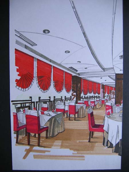 红色不够亮,易给人艳俗的感觉.如果走廊是椭圆型的,稍微再表现出一些弧度会更好. |
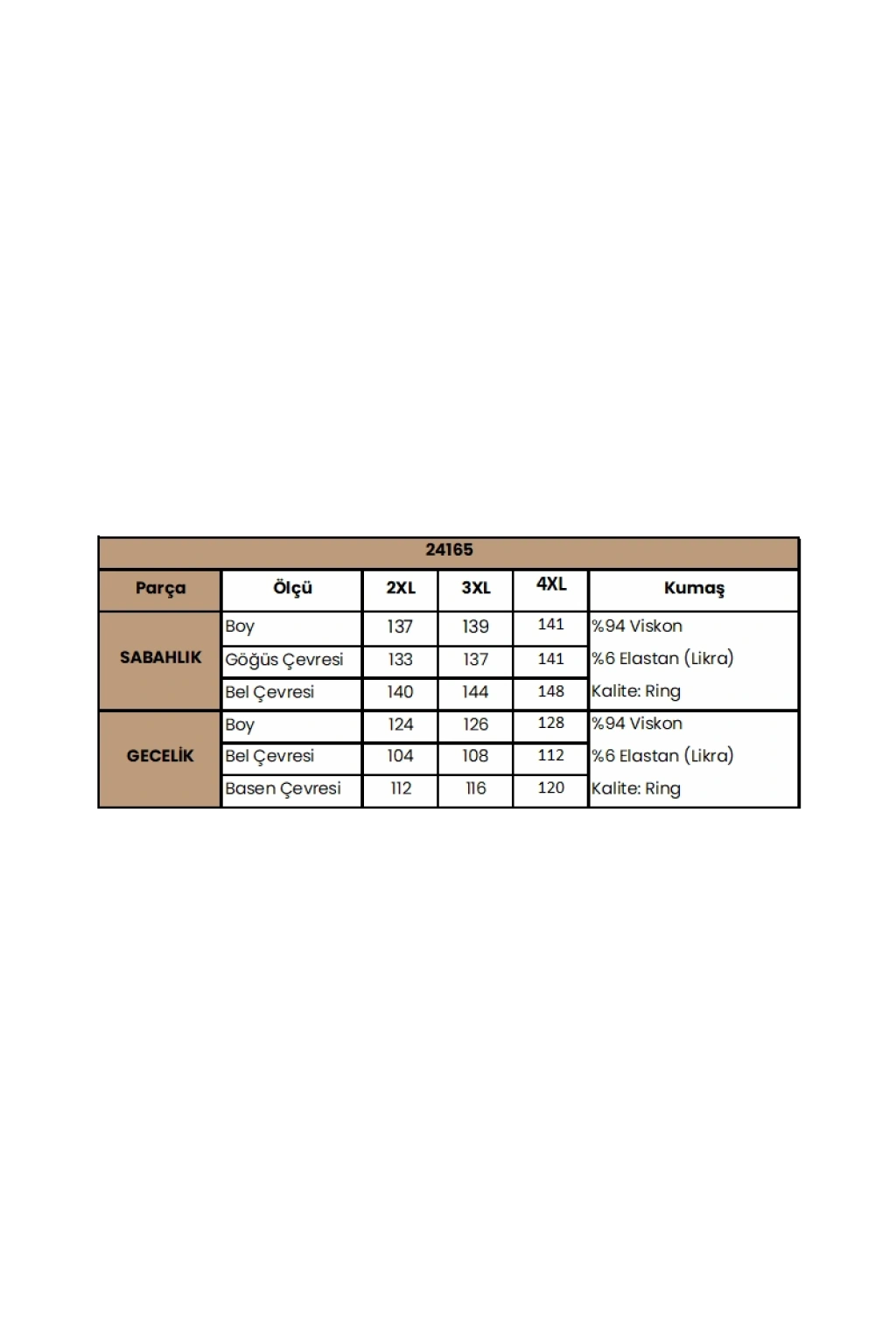 Gecelik: Somon renklidir, derin V yaka dekoltelidir, ayarlanabilir ip askılıdır, yırtmaçlıdır, yakası dantellidir, büyük bedendir, örme kumaştır.
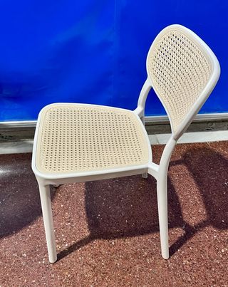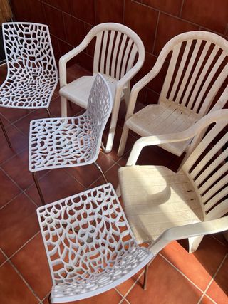 Conjunto de sillas de exterior con un diseño moderno y ligero. Todas por 15€ - Estructura de metal. - Asiento y respaldo de plástico.
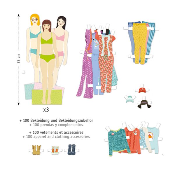 90 vêtements en papiers déjà découpés, avec des languettes, pour habiller à l’infini les 3 amies. De quoi vraiment varier les plaisirs.
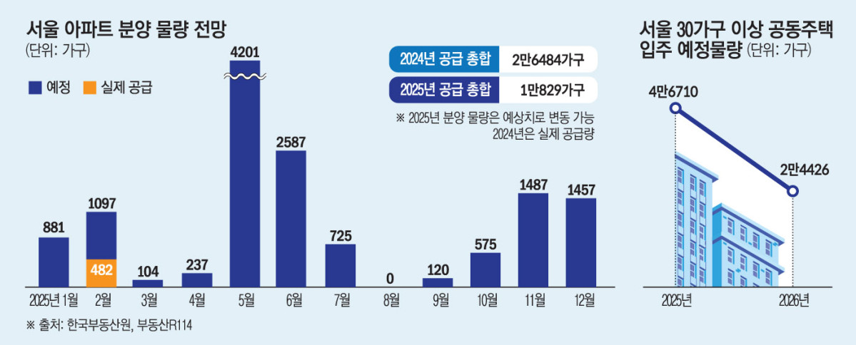 25일 부동산R114 통계 분석 결과 올해 서울 분양 예정 물량은 1만829가구로 조사됐다. 지난해 서울의 실제 분양 물량은 2만6484가구였던 것과 비교하면 59.1%(1만5655가구) 급감했다.
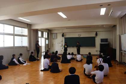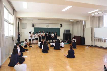 今日の昼休みに、多目的室で令和5年度の応援団の解団式が行われました。
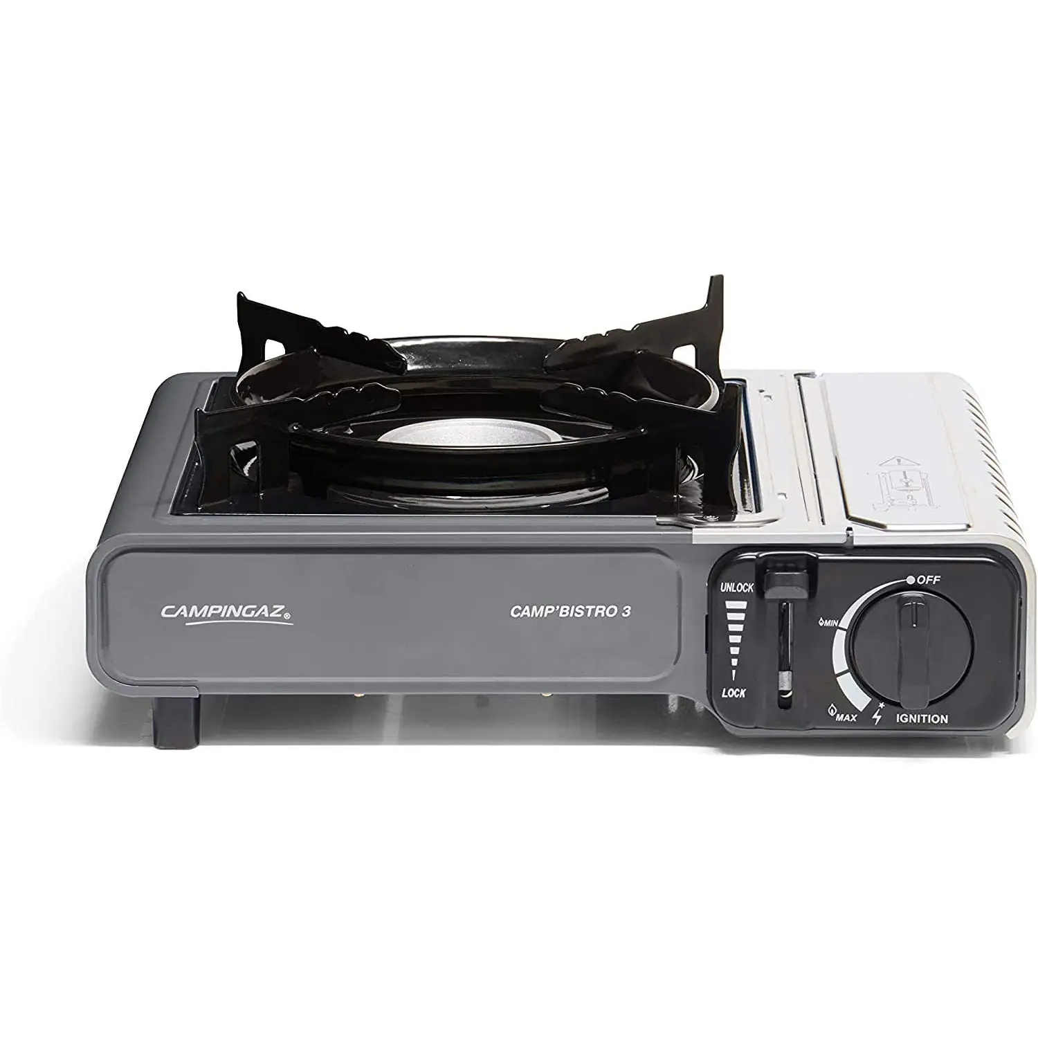 The Campingaz Camp'Bistro™ 3 is a compact and powerful single-burner camping stove designed for outdoor cooking. It features a 2,200W burner for quick boiling times and operates on Campingaz® CP 250 gas cartridges, providing a runtime of up to 1 hour and 20 minutes per cartridge. The stove includes a piezo ignition system for safe, match-free lighting and a cartridge safety locking system that cuts off gas flow and ejects the cartridge when not in use. The pan support is elevated and fixed in place to prevent larger pans from overheating the gas compartment. The stove is delivered in a hard plastic carry case for easy transport and storage.
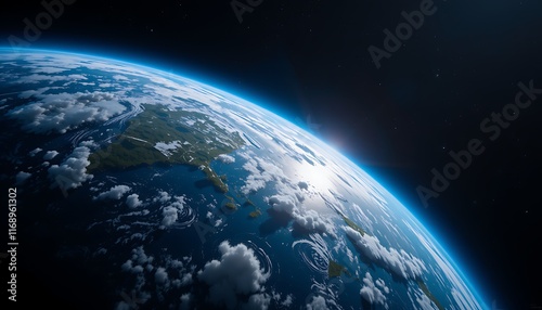 Fototapeta premium Wide-Angle Shot of Earth in Space with Swirling Clouds and Glowing Atmosphere...
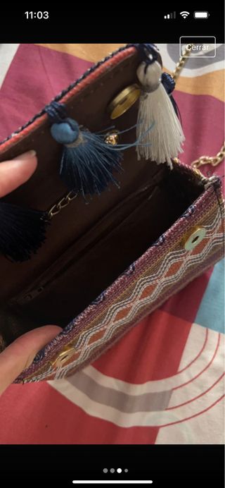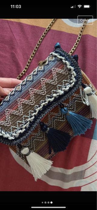 Bolso pequeño de estampado étnico y con borlas. Tiene cadena dorada. Nuevo.
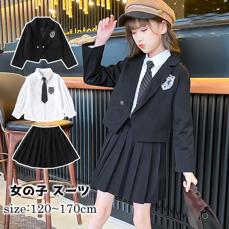 卒業式 スーツ 女の子 大きいサイズ 卒服 韓国 制服 ブレザー フォーマル ピアノ発表会 高校生 入学式 子供スーツ 4点セット 2点セット ジャケット 白 ブラウス 子供服
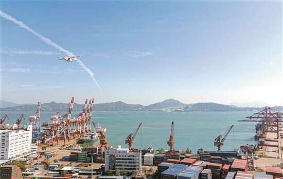 ■一架无人机搭载着快件从珠海飞抵深圳蛇口集装箱码头附近的起降点。(资料图)新华社发
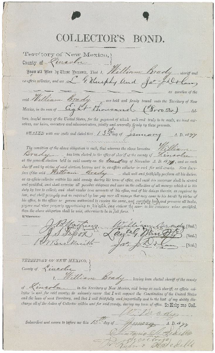 Extremely rare partly-printed DS, signed “William Brady,” one page both sides, 8.5 x 14, January 13, 1877. Collector’s bond issued in the Lincoln County, New Mexico, in part: “Know all Men by These Presents, That I, William Brady sheriff and ex-officio collector, and we L. G. Murphy and Jas. J. Dolan as sureties of the said William Brady are held and firmly bound unto the Territory of New Mexico, in the sum of Eight thousand ($8,000.00) dollars.” Signed at the conclusion by William Brady, Jacob Basil Mathews, Robert W. Beckwith, James J. Dolan, Lawrence G. Murphy, and one other. In fine condition, with a few small tears to edges. Accompanied by a packet of biographical information.

........

- [Brief]
Although the records contain pictures, the output must hold only their exact wording.

- [Expected answer]
 红色不够亮,易给人艳俗的感觉.如果走廊是椭圆型的,稍微再表现出一些弧度会更好. |
 Gecelik: Somon renklidir, derin V yaka dekoltelidir, ayarlanabilir ip askılıdır, yırtmaçlıdır, yakası dantellidir, büyük bedendir, örme kumaştır.
 Conjunto de sillas de exterior con un diseño moderno y ligero. Todas por 15€ - Estructura de metal. - Asiento y respaldo de plástico.
 90 vêtements en papiers déjà découpés, avec des languettes, pour habiller à l’infini les 3 amies. De quoi vraiment varier les plaisirs.
 25일 부동산R114 통계 분석 결과 올해 서울 분양 예정 물량은 1만829가구로 조사됐다. 지난해 서울의 실제 분양 물량은 2만6484가구였던 것과 비교하면 59.1%(1만5655가구) 급감했다.
 今日の昼休みに、多目的室で令和5年度の応援団の解団式が行われました。
 The Campingaz Camp'Bistro™ 3 is a compact and powerful single-burner camping stove designed for outdoor cooking. It features a 2,200W burner for quick boiling times and operates on Campingaz® CP 250 gas cartridges, providing a runtime of up to 1 hour and 20 minutes per cartridge. The stove includes a piezo ignition system for safe, match-free lighting and a cartridge safety locking system that cuts off gas flow and ejects the cartridge when not in use. The pan support is elevated and fixed in place to prevent larger pans from overheating the gas compartment. The stove is delivered in a hard plastic carry case for easy transport and storage.
 Fototapeta premium Wide-Angle Shot of Earth in Space with Swirling Clouds and Glowing Atmosphere...
 Bolso pequeño de estampado étnico y con borlas. Tiene cadena dorada. Nuevo.
 卒業式 スーツ 女の子 大きいサイズ 卒服 韓国 制服 ブレザー フォーマル ピアノ発表会 高校生 入学式 子供スーツ 4点セット 2点セット ジャケット 白 ブラウス 子供服
 ■一架无人机搭载着快件从珠海飞抵深圳蛇口集装箱码头附近的起降点。(资料图)新华社发
 Extremely rare partly-printed DS, signed “William Brady,” one page both sides, 8.5 x 14, January 13, 1877. Collector’s bond issued in the Lincoln County, New Mexico, in part: “Know all Men by These Presents, That I, William Brady sheriff and ex-officio collector, and we L. G. Murphy and Jas. J. Dolan as sureties of the said William Brady are held and firmly bound unto the Territory of New Mexico, in the sum of Eight thousand ($8,000.00) dollars.” Signed at the conclusion by William Brady, Jacob Basil Mathews, Robert W. Beckwith, James J. Dolan, Lawrence G. Murphy, and one other. In fine condition, with a few small tears to edges. Accompanied by a packet of biographical information.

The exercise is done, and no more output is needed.